Let say I have two ints
a = 1234
b = 45678
Now I want to "interlace" them into a third int c that looks something like this
c = 415263748 assume the the length of these don't change. So far I've been able to do this:
unsigned interlace(unsigned x, unsigned y) {
unsigned pow = 10;
while(y >= pow)
pow *= 10;
return x * pow + y;
}
You have to get digits one by one. When you say x % 10 you get the least significant digit. When you say x = x /10 you remove the least significant digit. Start doing it for y then keep alternating:
unsigned interlace(unsigned x, unsigned y)
{
//If the parameters order could be inverted...
if(x > y)
{
unsigned z = x;
x = y;
y = z;
}
unsigned ans = y % 10;
y = y/10;
unsigned exponent = 10;
while(y)
{
ans += (x%10)*exponent;
x = x/10;
exponent *= 10;
ans += (y%10)*exponent;
y = y/10;
exponent *= 10;
}
return ans;
}
A slight twist on approach can eliminate the order of parameter issue by handling the interlacing on string representations of the values. This allows a simple way to sew the two numbers together.

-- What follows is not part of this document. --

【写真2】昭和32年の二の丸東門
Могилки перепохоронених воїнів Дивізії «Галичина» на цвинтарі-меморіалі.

While strlen() is used here, you can also use snprintf (NULL, 0, "%u", a) and snprintf (NULL, 0, "%u", b) to determine the number of digits in each.
A simple approach interlacing the string representations would be:
#define NUMC 32
unsigned interlace (unsigned a, unsigned b)
{
char sa[NUMC], sb[NUMC], result[2*NUMC];
size_t lena, lenb, n = 0;
sprintf (sa, "%u", a);
sprintf (sb, "%u", b);
lena = strlen(sa);
lenb = strlen(sb);
if (lena > lenb) {
for (size_t i = 0, j = 0; sa[i]; i++) {
result[n++] = sa[i];
if (sb[j])
result[n++] = sb[j++];
}
result[n] = 0;
return (unsigned)strtoul (result, NULL, 0);
}
for (size_t i = 0, j = 0; sb[i]; i++) {
result[n++] = sb[i];
if (sa[j])
result[n++] = sa[j++];
}
result[n] = 0;
return (unsigned)strtoul (result, NULL, 0);
}
(note: the validations on conversion and length checks greater than zero should be added above. They were intentionally omitted for brevity)

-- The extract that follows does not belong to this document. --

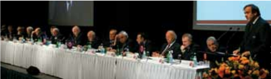
La table du comité exécutif au Congrès extraordinaire de Zurich.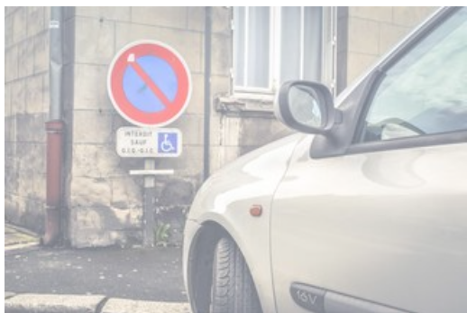
Stationnement personne à mobilité réduite

The order of parameters is irrelevant. You can call it as interlace (a, b) or interlace (b, a) and the result will be correct each time.
A short example:
#include <stdio.h>
#include <stdlib.h>
#include <string.h>
#define NUMC 32
unsigned interlace (unsigned a, unsigned b)
{
char sa[NUMC], sb[NUMC], result[2*NUMC];
size_t lena, lenb, n = 0;
sprintf (sa, "%u", a);
sprintf (sb, "%u", b);
lena = strlen(sa);
lenb = strlen(sb);
if (lena > lenb) {
for (size_t i = 0, j = 0; sa[i]; i++) {
result[n++] = sa[i];
if (sb[j])
result[n++] = sb[j++];
}
result[n] = 0;
return (unsigned)strtoul (result, NULL, 0);
}
for (size_t i = 0, j = 0; sb[i]; i++) {
result[n++] = sb[i];
if (sa[j])
result[n++] = sa[j++];
}
result[n] = 0;
return (unsigned)strtoul (result, NULL, 0);
}
int main (void) {
unsigned a = 1234, b = 45678;
printf ("interlaced: %u\n", interlace (a, b));
}
Example Use/Output
$ ./bin/interlace_int
interlaced: 415263748
Another completely different approach, more inline with your original can make use of the div function and the div_t struct to automate handling the division and remainder. You can use the snprintf (NULL, 0, "%u", var); function to determine the number of digits so you can swap parameters if necessary.
A short example is:
#include <stdio.h>
#include <stdlib.h>
unsigned interlace (unsigned a, unsigned b)
{
unsigned result = 0, mult = 1;
div_t da = { .quot = a }, db = { .quot = b };
if (snprintf (NULL, 0, "%u", b) > snprintf (NULL, 0, "%u", a)) {
div_t tmp = da;
da = db;
db = tmp;
}
do {
da = div (da.quot, 10);
result += da.rem * mult;
mult *= 10;
if (db.quot) {
db = div (db.quot, 10);
result += db.rem * mult;
mult *= 10;
}
} while (da.quot);
return result;
}
int main (void) {
unsigned a = 1234, b = 45678;
printf ("interlaced: %u\n", interlace (a, b));
}
(note: here again, the order of parameters is irrelevant and you can provide a and b in any order and still arrive at the correct result)
Example Use/Output
$ ./bin/interlace_unsinged
interlaced: 415263748
Let me know if you have further questions. Just another way to skin the interlace cat.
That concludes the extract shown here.